И черретан тут же начал говорить.
– Я думаю, этого вполне достаточно, – заметил Сфасчиамонти, когда тот закончил.
То, что Рыжий рассказал о Тойче, касалось только кражи личного имущества Атто, а поэтому в протоколе ничего писать не стали, как и о многих других вещах, рассказанных черретаном в эту ночь.
– Если кто-нибудь найдет у меня этот протокол, я окажусь в очень затруднительном положении. – Сфасчиамонти произнес это тихо, чтобы задержанный не услышал его. – Я поставлю под протоколом, должен признаться, очень знаменательную дату – четвертое февраля 1595 года. И оставлю в архивах губернатора. Тогда только я буду знать, где искать его, ведь в актах ушедшего столетия уже никто не роется. Я смогу заполучить его вновь, если захочу, да к тому же в любое время. Да, с такой датой он будет служить доказательством того, что черретаны существуют очень давно, и я сумею утереть нос всем тем, кто до сих пор не воспринимал меня всерьез.
Следующее решение принять было намного сложнее, однако это было необходимо. Без приказа о задержании или, по крайней мере, без разрешения полиции черретана нельзя было удерживать в тюрьме. И хотя Сфасчиамонти намекнул одному из охранников в тюрьме, дружественно к нему настроенному, что хотел бы это сделать, тот и слышать ничего не пожелал. Он заявил, что, хотя в тюрьме и сидит много невинных людей, а на свободе ходит много преступников, в таких делах должен соблюдаться порядок. Обычно этим руководят судьи или власть имущие, приказы которых выполняют законники, о чем народ даже не догадывается.
Точно так же было невозможно задержать обвиняемого (если его вообще можно было так называть) каким-либо другим способом. Хотя вилла Спада и имела большой подземный лабиринт, ее все-таки нельзя было упоминать в связи с этим делом по вполне объяснимым причинам. Наши собственные жилища, естественно, тоже не подходили.
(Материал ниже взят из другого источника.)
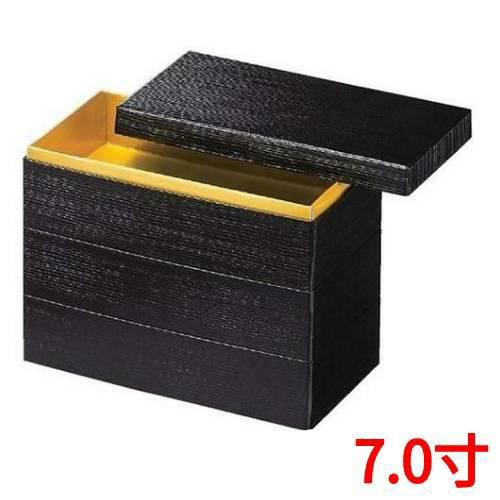 お重箱 7.0寸 彩重 艶消黒 地紋金市松 3段/業務用/新品/小物送料対象商品
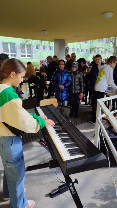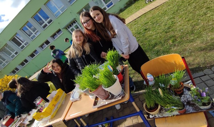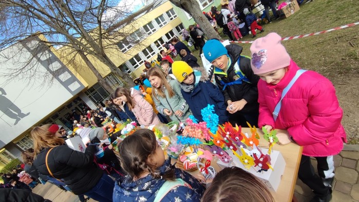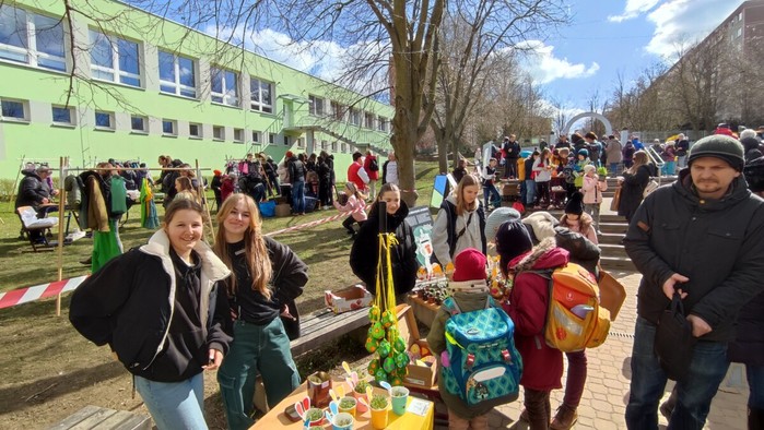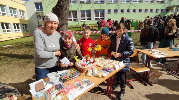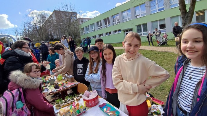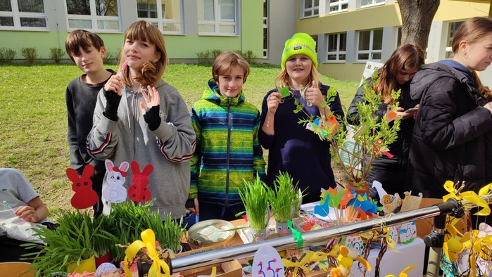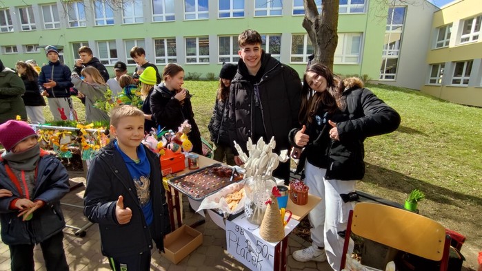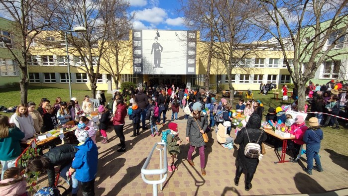Dne 4.4. se uskutečnil na naší škole již tradiční Velikonoční jarmark! Počasí nám krásně vyšlo, všichni měli úsměvy na tvářích. Prodávalo se jedna radost:) Některé děti zde i zahrály na hudební nástroj, jinak se o hudbu postarali žáci a hráli jarní písničky jako např. ,,Jaro dělá pokusy”. Prodávali jsme nejen velikonoční výrobky a dekorace, ale i občerstvení, které připravili sami naši žáci a žákyně. Mimo jiné se před jídelnou uskutečnil minikoncert nadačního fondu Harmonie a vedle jarmarku také probíhal SWAP s použitým oblečením, knížkami a hračkami.

Чтобы все происходящее не походило на импровизацию, мы отвели Рыжего в соседнюю комнату подождать, пока мы якобы посовещаемся. Затем мы снова впустили его, причем постарались изобразить бурю чувств.
– Нотариус поговорил с его высочеством губернатором, – соврал Сфасчиамонти, – и тот захотел вознаградить тебя за желание сотрудничать с нами.
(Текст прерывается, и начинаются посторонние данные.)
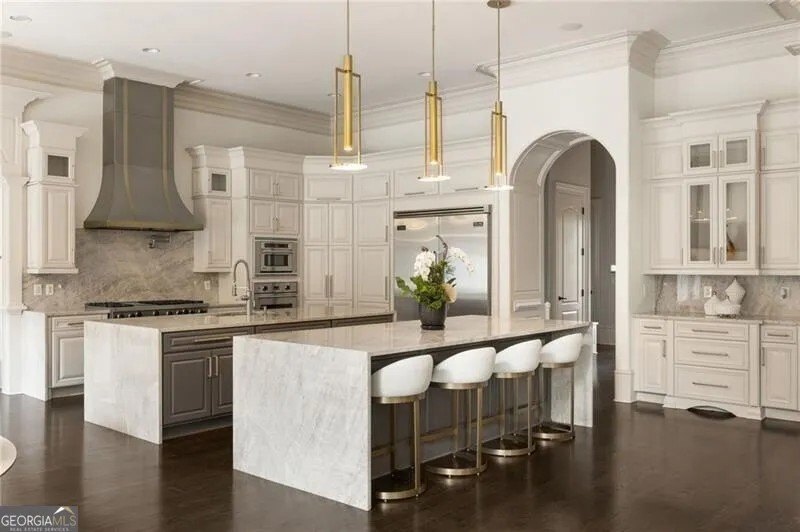 The kitchen features two islands, marble countertops, white cabinetry, and state-of-the-art appliances.

Черретан обеспокоенно огляделся вокруг, не понимая, что происходит.
– Сейчас мы проводим тебя к выходу. Ты свободен.
10 июля лета Господня 1700, день четвертый
– Подай милостыню, мой мальчик.
Старик был голым. Свое единственное украшение, тяжелую железную цепь, он носил на груди, наверное, уже слишком долго, так как цепь натерла на правом плече дряхлую плоть и там началось воспаление. Скрюченный и истощенный, он с мольбой протянул ко мне искривленную грязную руку. На его теле можно было пересчитать не только все ребра, но и выступающие сухожилия. Будь у него в руке плеть, он напоминал бы человека, занимающегося самобичеванием. Старик стоял, опершись спиной о стену, и вонял, единственным его прикрытием была длиннющая седая борода, которая почти касалась земли.
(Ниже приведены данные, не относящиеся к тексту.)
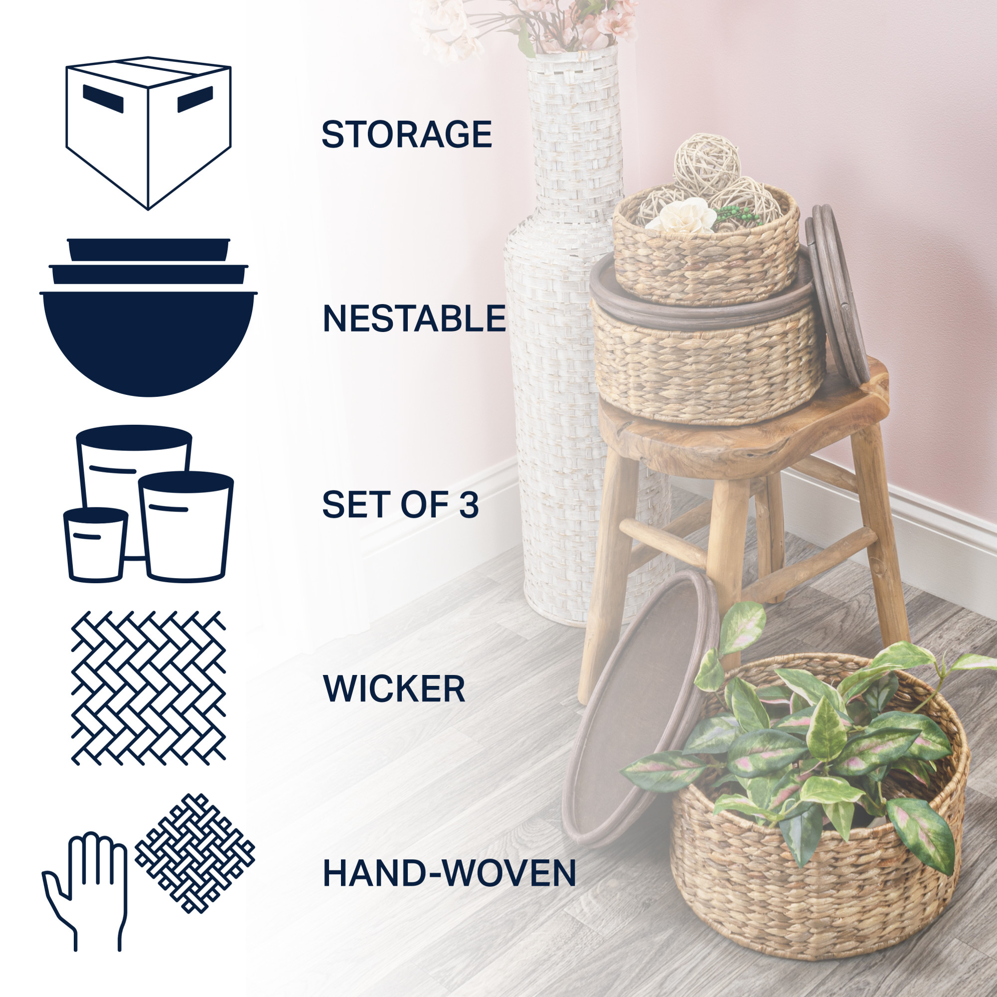 - Crafted with beautiful and durable water hyacinth

Я рассматривал его, не говоря ни слова и не давая ни шерфа. [48]Меня потрясло это живое воплощение крайней нищеты, несчастья и беззащитности.
– Подай милостыню, юноша, – повторил несчастный и, скрючившись, еще больше наклонился вперед, а затем и вовсе опустился на землю.
– Простите, но у меня ничего нет… – пролепетал я, в то время как нищий лег на землю и перевернулся на бок.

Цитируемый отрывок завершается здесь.